María Del Carmen Unda | Texas Observer| February 20, 2026, 2:23 PM, CST

n a recent classroom conversation, a student asked whether it was still “allowed” to talk about immigration policy in relation to Texas history. He did not ask because the topic was abstract. He asked because his family lives at the center of it.

That question should concern all of us.

The University of Texas System’s new policy limiting the discussion of “controversial topics” is being framed as a safeguard—an effort to restore “trust,” ensure “balance,” and prevent faculty from engaging in advocacy. But beneath that language lies something far more troubling: a restructuring of who gets to decide what counts as legitimate knowledge.

And in Texas, that decision  is not neutral.

Calls for “both sides” and “non-advocacy” may sound reasonable on the surface. For generations, women of color have shown that “neutrality” is often a way to police whose stories matter and whose expertise counts. Knowledge rooted in lived experience is repeatedly framed as political, while dominant perspectives are treated as universal.

When faculty are told to avoid “controversial” material not explicitly listed in a syllabus, who decides what qualifies? When politically appointed regents and administrators—not disciplinary experts—determine which topics are “germane,” academic freedom quietly shifts into political compliance.

We have seen this pattern before.

Scholarship that challenges white supremacy, colonialism, or state violence is labeled as divisive. Programs rooted in Indigenous, Latinx, and Black knowledge are consolidated, put under review, or dismantled. The result is not balance—it is containment. And nowhere is this containment more stark than in the erasure of Mexican American and Latina/o Studies.

In the UT system nearly 46 percent of the population is Latino. And where Latino students are the majority in public schools, calling the histories, literatures, and political realities of these communities “controversial” is not about neutrality. It is about deciding whose knowledge is expendable.

You cannot teach Texas history honestly without confronting conquest, segregation, labor exploitation, border regimes, and racialized policymaking. You cannot “balance” away genocide or dispossession. To pretend otherwise is not rigor—it is refusal.

But perhaps the most troubling defense of this policy is the claim that it protects students.

On the other hand, feminism teaches us something different: Silence is the tool of the oppressor. 

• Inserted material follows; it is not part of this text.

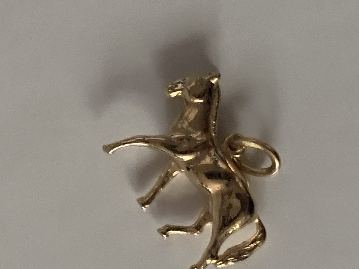 Heste Vedhæng #14karat Guld Stemplet 585 Højde 15,47 mm Brede 21,04 mm Pæn og velholdt stand Både vores Guld og Sølv tjekket af guldsmed og findes ikke fysisk i vores butik, kontakt os for info eller fremvisning
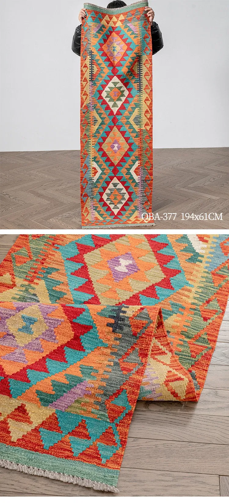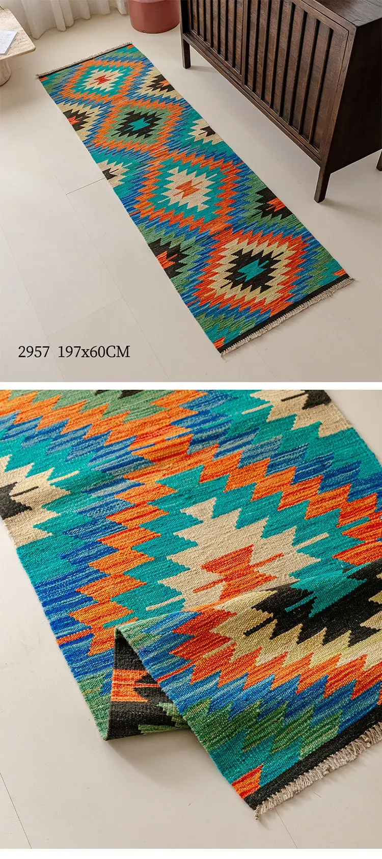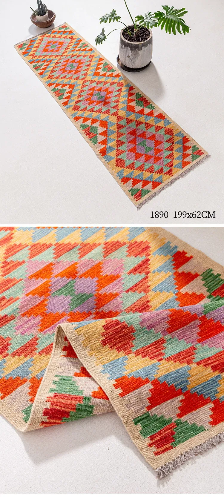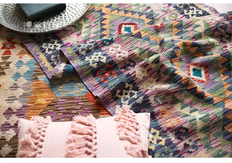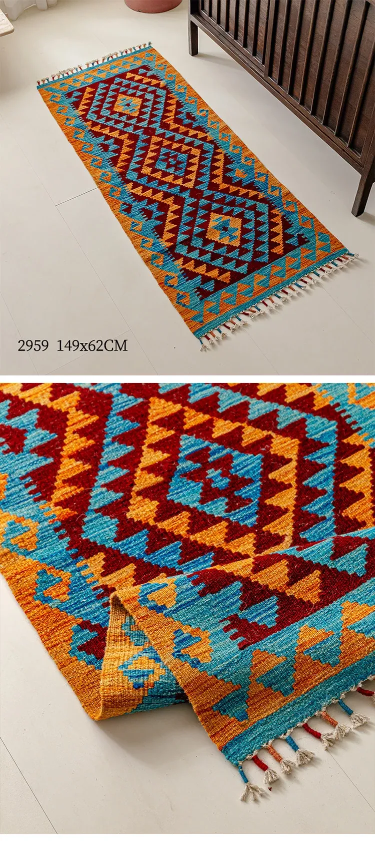 パキスタン直輸入のキリム手織りウールラグ|玄関・寝室・廊下に最適!おしゃれで温かみのあるデザイン、結婚式にもぴったりな特別なカーペット!

Our students are not encountering these issues for the first time in a classroom. They are living them. Immigration raids do not pause because a syllabus avoids the topic. Gender violence does not disappear because a professor is told to “remain neutral.” Racism, economic precarity, and state surveillance shape students’ daily lives long before they ever raise a hand in class.

To label the conditions of students’ lives as “controversial” is to tell them their realities are inconvenient. That their truths are risky. That power—not integrity—decides what can be named.

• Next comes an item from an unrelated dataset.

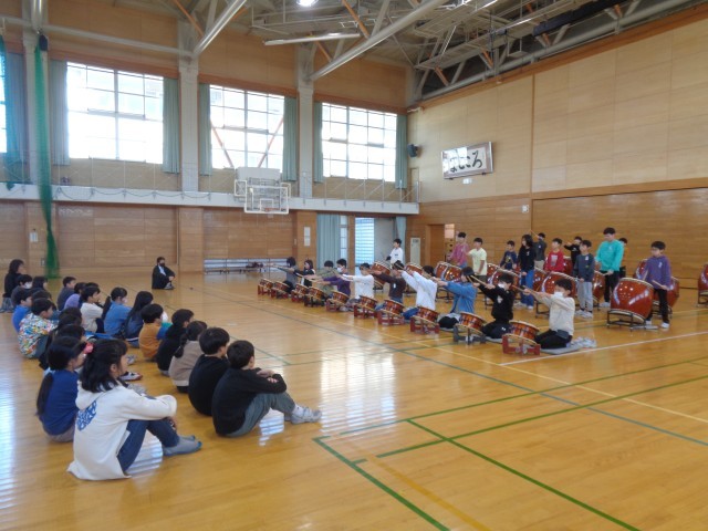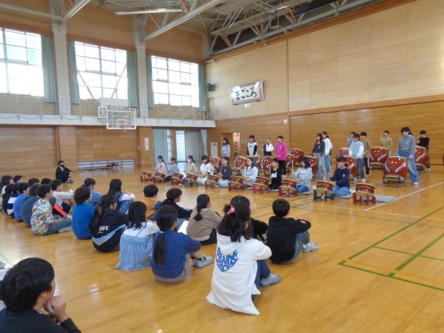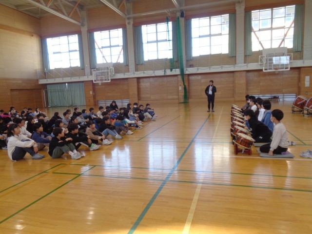 今日の総合的な学習の時間では、4年生に大地・大祭の演奏を聴いていただきました。
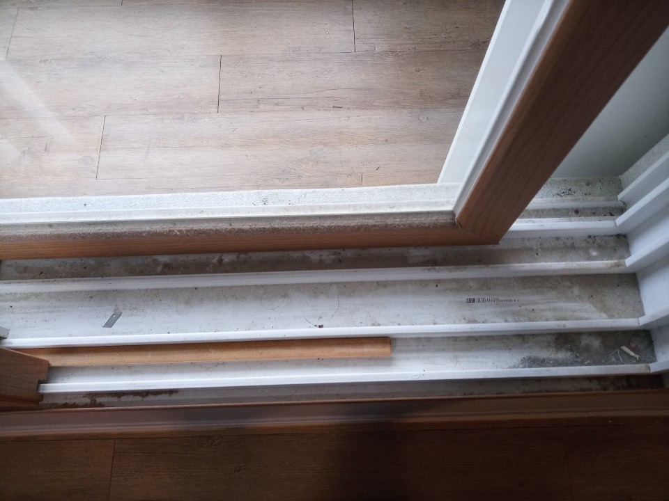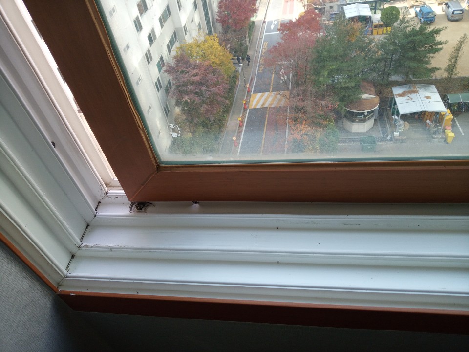 창문을 보면 창틀에 이렇게 까맣게 오염된 것이 보입니다.

That is not care. That is control.

And it raises a deeper, more difficult question—one we can no longer avoid: Do we continue to fight for our stories to be included in the curriculum at UT System institutions that repeatedly prove themselves hostile toward Indigenous, Latinx, and Black communities? Or do we take this moment to reimagine higher education outside of white supremacy?

What if, instead of fighting to be included in an exclusionary system, we shifted our emphasis from institutional approval to the power of collective consciousness shared among us? What if the work before us is not simply reform, but refusal?

Chicana feminism has always understood that liberation does not come from proximity to power, but from transforming how knowledge is produced, shared, and lived. It asks us not only how institutions exclude us, but how we might begin to unlink—physically and spiritually—from colonial logics altogether.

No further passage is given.